Let me start off by saying that, in another context, the New Yorker cover that is generating so much buzz this week, would actually be funny. I get what the artist was going for, and if it was inside the magazine, accompanied by an article or caption of some sort, which explained what the drawing was about, it would have been received differently.
Unfortunately, we live in a country ruled by two types of very oppressive forces, both of which make this sort of cover pretty much a non-starter..
On the one side, we have political correctness gone nuts, in which everything said, done or displayed must comply with a certain code of "morality" and "respectibility" in order to even exist. For example, it’s perfectly okay to show an Archie Bunker in reruns on cable, as some sort of time capsule look at how people in this country "used to be," but if a sitcom were to debut, which featured a white bigot, screaming and yelling about minorities and gays in derogatory terms, it’s very likely pickets would force the show off the air in a short period of time.

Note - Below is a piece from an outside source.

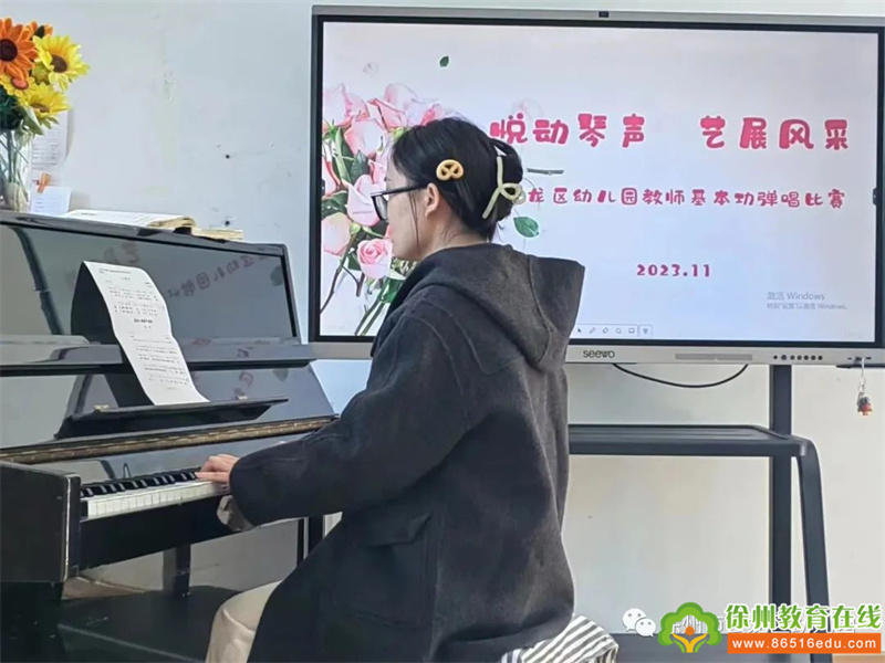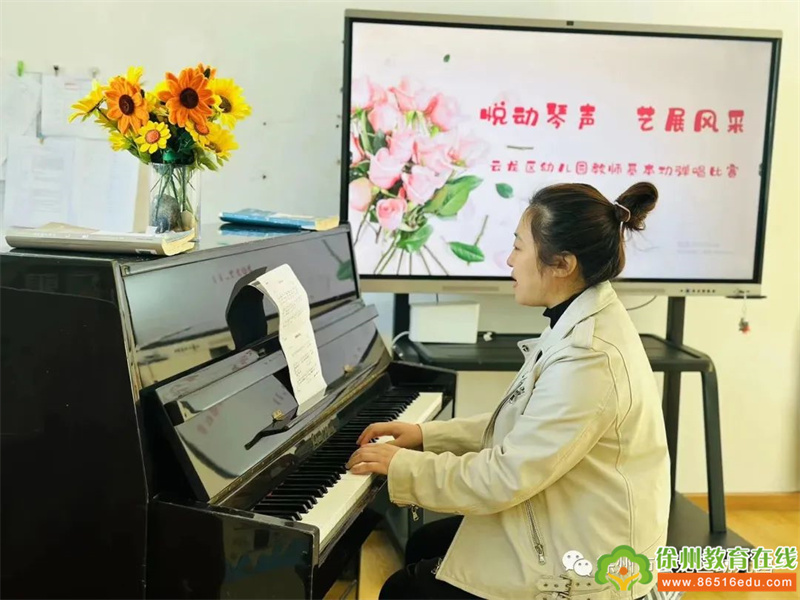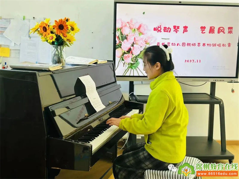为进一步贯彻落实《指南》精神,提高幼儿教师专业技能水平,促进教师专业成长,提升幼儿教师的综合素质。2023年11月6日,云龙区幼儿园开展了“悦动琴声 艺展风采”教师基本功弹唱比赛。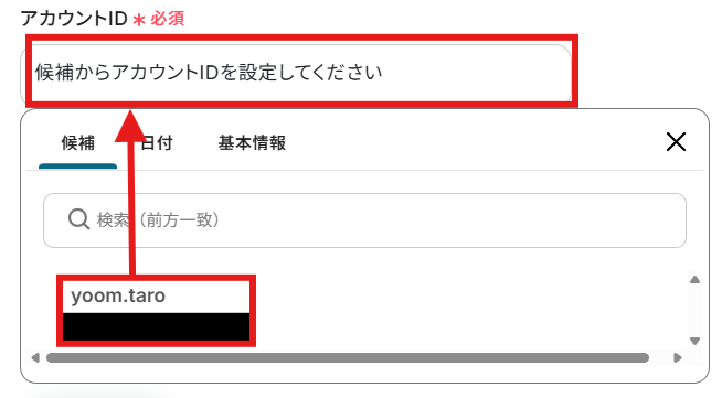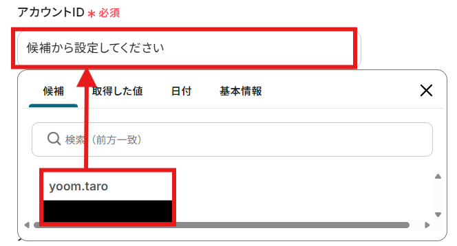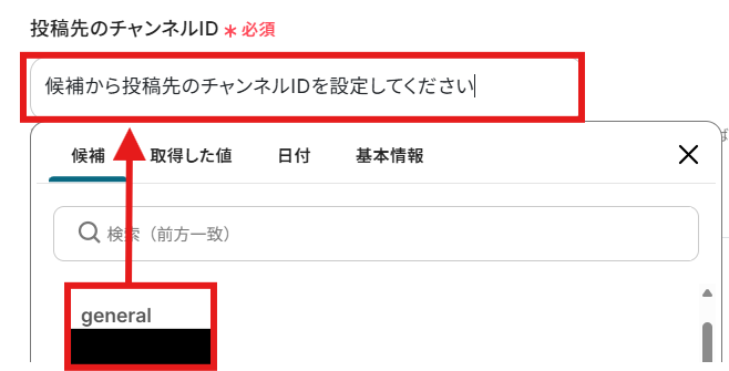 「投稿先のチャンネルID」を候補から選択しましょう。

The other side of this, of course, is the problem that Archie Bunker has actually gone mainstream, and is far less honest. These real-life Archies now occupy the radio airwaves, in the form of Rush Limbaugh, Sean Hannity, Bill O’Reilly, Michael Savage, Neil Boortz, et al. The reason a cover like this, without accompanying explanation, is in poor taste, and displays an incredible political insensitivity, is actually the same reason this drawing should have been funny in the first place; there are actually millions of morons out there who actually believe that everything in the drawing is true.
That’s the problem in a nutshell. On the one hand, you have a bunch of people who have no sense of humor, who think it’s offensive. But worse, and even more insurmountable, is the problem of gobs of people who think every misconception depicted in the drawing is actually true. Barack Obama’s campaign has actually had to start a web site to specifically counter such rumors; and now, a bunch of people will be passing this cover at their local newsstand, and the rest of us will have to work even harder at debunking all of those rumors.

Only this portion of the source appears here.